WHAT YOU ARE ASKED TO DO
What is needed is an exact copy of the whole listing below, with no pictures.

DATASET EXTRACT
______________________________
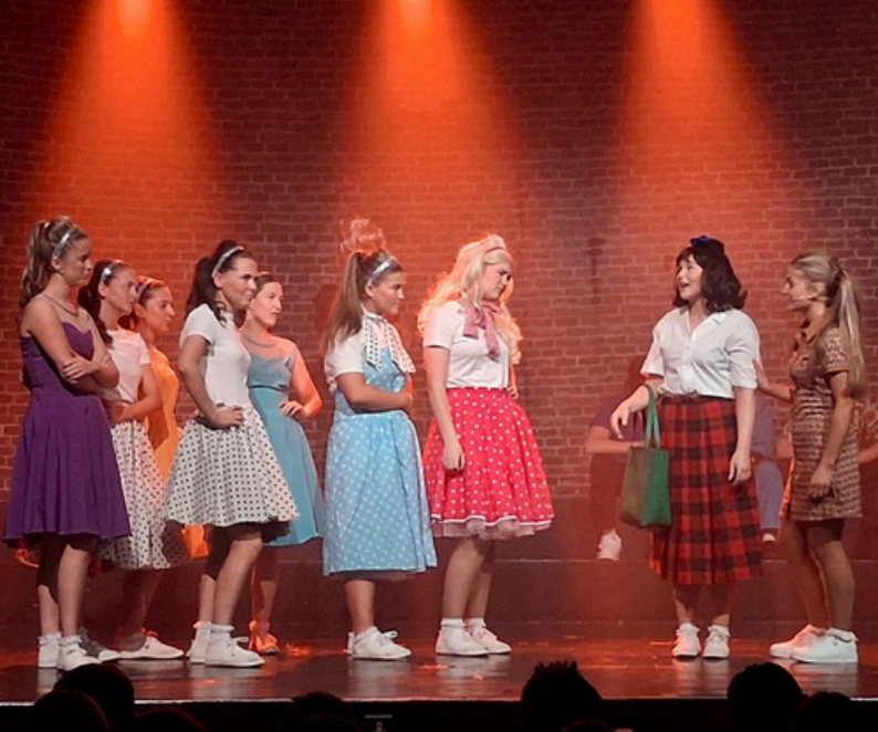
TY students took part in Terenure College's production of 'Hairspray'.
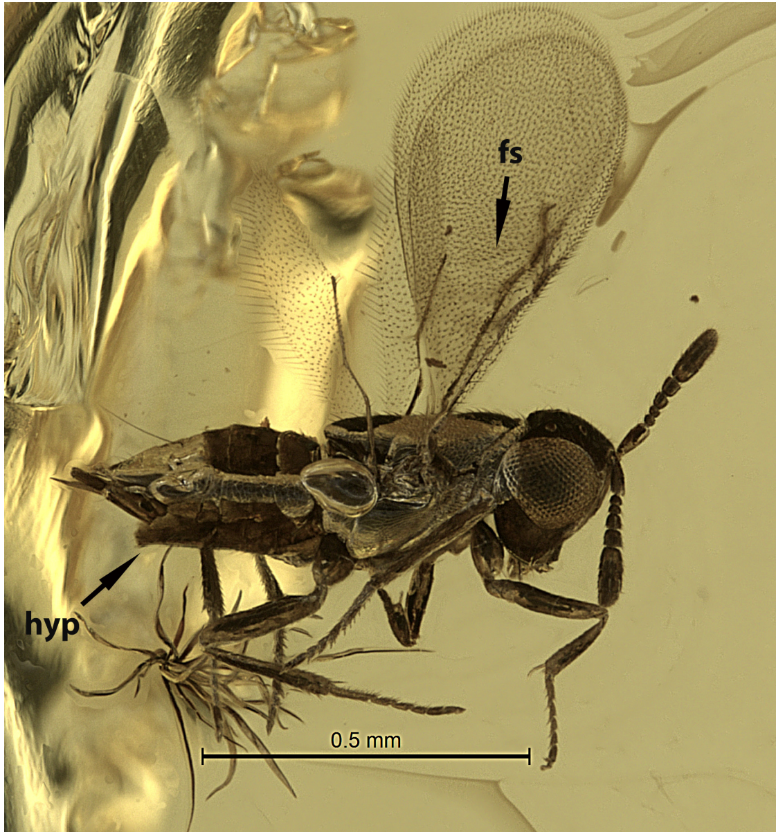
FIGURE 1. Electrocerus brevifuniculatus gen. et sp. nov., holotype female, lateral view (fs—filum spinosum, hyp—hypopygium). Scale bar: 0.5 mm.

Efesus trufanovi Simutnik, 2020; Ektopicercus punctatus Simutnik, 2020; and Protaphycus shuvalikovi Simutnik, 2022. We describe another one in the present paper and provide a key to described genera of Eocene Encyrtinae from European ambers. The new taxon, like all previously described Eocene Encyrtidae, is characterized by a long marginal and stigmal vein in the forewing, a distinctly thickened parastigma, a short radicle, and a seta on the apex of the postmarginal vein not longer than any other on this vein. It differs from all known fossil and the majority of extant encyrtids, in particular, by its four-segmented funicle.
______________________________
WRITTEN RESPONSE
TY students took part in Terenure College's production of 'Hairspray'.
FIGURE 1. Electrocerus brevifuniculatus gen. et sp. nov., holotype female, lateral view (fs—filum spinosum, hyp—hypopygium). Scale bar: 0.5 mm.

Efesus trufanovi Simutnik, 2020; Ektopicercus punctatus Simutnik, 2020; and Protaphycus shuvalikovi Simutnik, 2022. We describe another one in the present paper and provide a key to described genera of Eocene Encyrtinae from European ambers. The new taxon, like all previously described Eocene Encyrtidae, is characterized by a long marginal and stigmal vein in the forewing, a distinctly thickened parastigma, a short radicle, and a seta on the apex of the postmarginal vein not longer than any other on this vein. It differs from all known fossil and the majority of extant encyrtids, in particular, by its four-segmented funicle.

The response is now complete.